## Exercise details
Starting from the line with "خراسان رضوی دارد.", please copy exactly every line to the end of the listing, but not the pictures.

## Collected material
________________

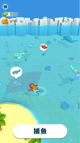 2.可以去探索海域,捕捉一些海鱼、虾、蟹以及各种神秘物种放置在水族箱中
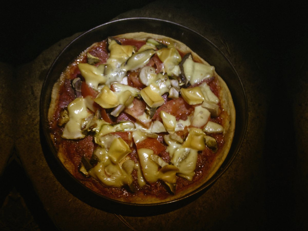 Keiner von uns hat jemals zuvor so etwas gebaut - aber was soll ich sagen: Es funktionierte! Wir heizten in der unteren Kammer ordentlich ein. Nachdem das Holzes verbrannt und zu einem großen glühenden Haufen geworden war, legten wir den passenden Stein als Ofenluke davor - und schoben den mittlerweile in der Pfanne angerichteten und lecker mit passierte Tomaten, Pilzen, Salami und Käse belegten Pizzateig in die über dem Glutfach liegende Kammer - welche wir ebenfalls mit dem passenden Stein verschlossen. Nach 30 bis 40 Minuten war es dann soweit. Wir genossen unsere erste in einem selbstgebauten Ofen gebackene Pizza - und schoben glatt noch eine zweite hinterher. Wir platzten vor Stolz über unser Bauwerk und hoffen sehr, dass der Ofen im nächsten Jahr noch da steht. Schließlich wollen wir dann mal einen Kuchen backen. :)
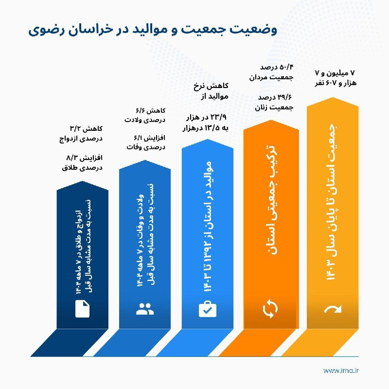 🔹 طبق آمار ثبت احوال خراسان رضوی، بررسی روند جمعیت، ولادت و وفات، ازدواج و طلاق در استان از سال ۱۳۹۲ تا هفت ماهه امسال نشان از کاهش موالید و ازدواج و تغییر در جمعیت خراسان رضوی دارد.
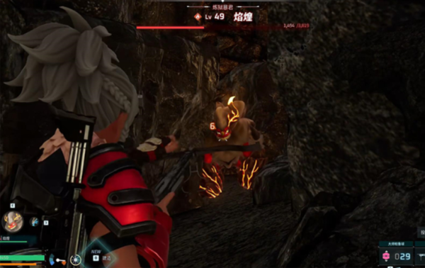 想要无伤打焰煌,玩家需要利用游戏中的脱战机制,由于焰煌是在山洞当中的,玩家可以将焰煌引到山洞通道中,在这里玩家所处的位置被判定脱战,因此玩家可以无限制用远程武器对焰煌攻击又不会挨打。

________________

## Reply to the exercise
 🔹 طبق آمار ثبت احوال خراسان رضوی، بررسی روند جمعیت، ولادت و وفات، ازدواج و طلاق در استان از سال ۱۳۹۲ تا هفت ماهه امسال نشان از کاهش موالید و ازدواج و تغییر در جمعیت خراسان رضوی دارد.
 想要无伤打焰煌,玩家需要利用游戏中的脱战机制,由于焰煌是在山洞当中的,玩家可以将焰煌引到山洞通道中,在这里玩家所处的位置被判定脱战,因此玩家可以无限制用远程武器对焰煌攻击又不会挨打。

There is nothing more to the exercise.